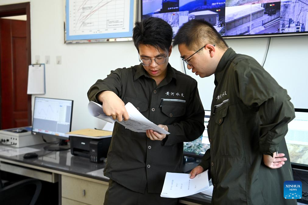 Employees Gan Yuan (L) and Huo Mingchong check hydrological data at the Longmen Hydrological Station in Hancheng City of northwest China's Shaanxi Province, April 28, 2025. (Xinhua/Zou Jingyi)
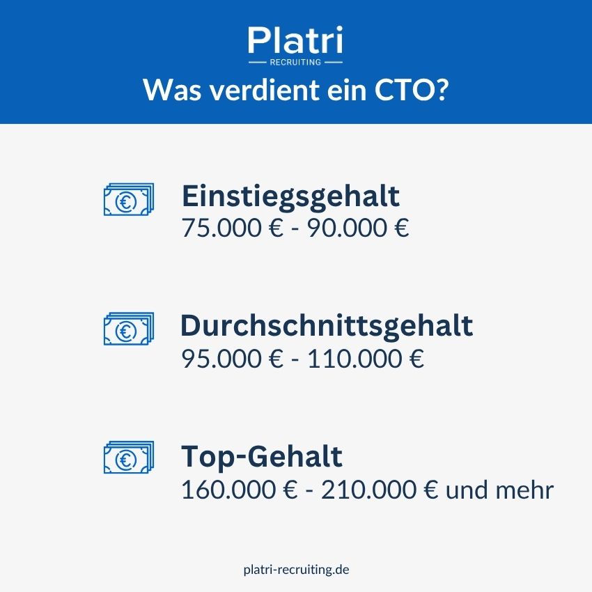 Das Gehalt eines CTOs hängt stark von Faktoren wie Unternehmensgröße, Branche, Standort und Erfahrung ab. In Deutschland liegt das durchschnittliche CTO-Gehalt bei:
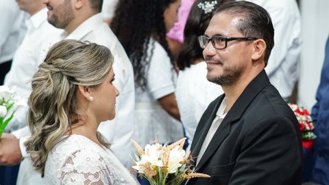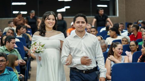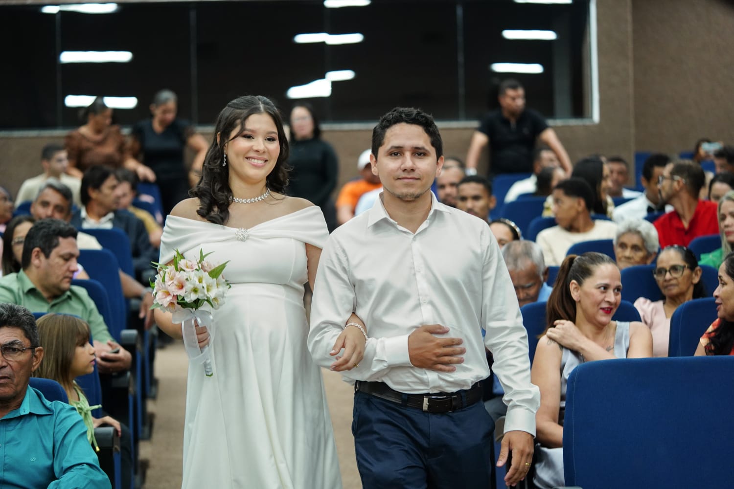 A cerimônia oficializou a união de 96 casais, em um evento promovido pela Diretoria do Fórum da Comarca de Araguaína, em parceria com o Centro Judiciário de Solução de Conflitos e Cidadania (Cejusc) e o Serviço de Registro Civil das Pessoas Naturais, Interdições e Tutela de Araguaína. A celebração foi embalada pela banda Reciclarte, da Escola de Artes Raimundo Paulino, e acompanhada de perto por familiares, amigos e autoridades locais.
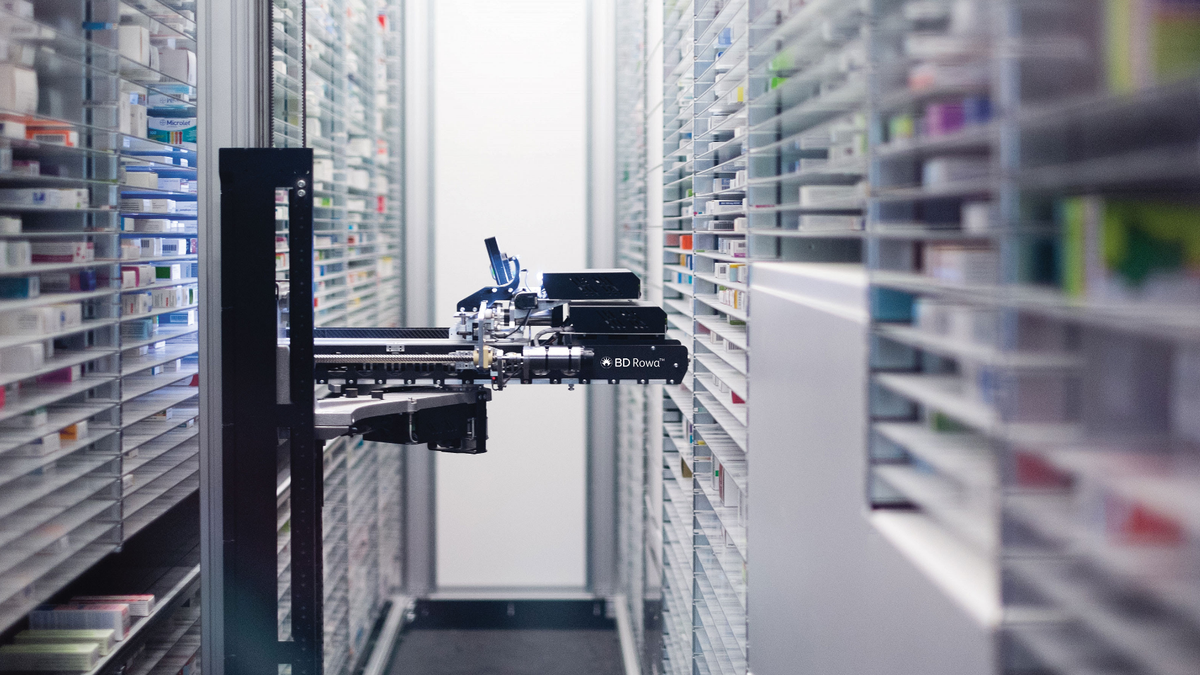 O BD Rowa, implementado pela Drogamais Bandeirantes, automatiza completamente o processo de seleção e entrega de medicamentos. Clientes finalizam suas compras online e, com um QR Code, acessam o robô para retirar seus produtos.

**Work instructions**
Restate every line of the data above word for word, with the images removed.

**Finished task**
 Employees Gan Yuan (L) and Huo Mingchong check hydrological data at the Longmen Hydrological Station in Hancheng City of northwest China's Shaanxi Province, April 28, 2025. (Xinhua/Zou Jingyi)
 Das Gehalt eines CTOs hängt stark von Faktoren wie Unternehmensgröße, Branche, Standort und Erfahrung ab. In Deutschland liegt das durchschnittliche CTO-Gehalt bei:
 A cerimônia oficializou a união de 96 casais, em um evento promovido pela Diretoria do Fórum da Comarca de Araguaína, em parceria com o Centro Judiciário de Solução de Conflitos e Cidadania (Cejusc) e o Serviço de Registro Civil das Pessoas Naturais, Interdições e Tutela de Araguaína. A celebração foi embalada pela banda Reciclarte, da Escola de Artes Raimundo Paulino, e acompanhada de perto por familiares, amigos e autoridades locais.
 O BD Rowa, implementado pela Drogamais Bandeirantes, automatiza completamente o processo de seleção e entrega de medicamentos. Clientes finalizam suas compras online e, com um QR Code, acessam o robô para retirar seus produtos.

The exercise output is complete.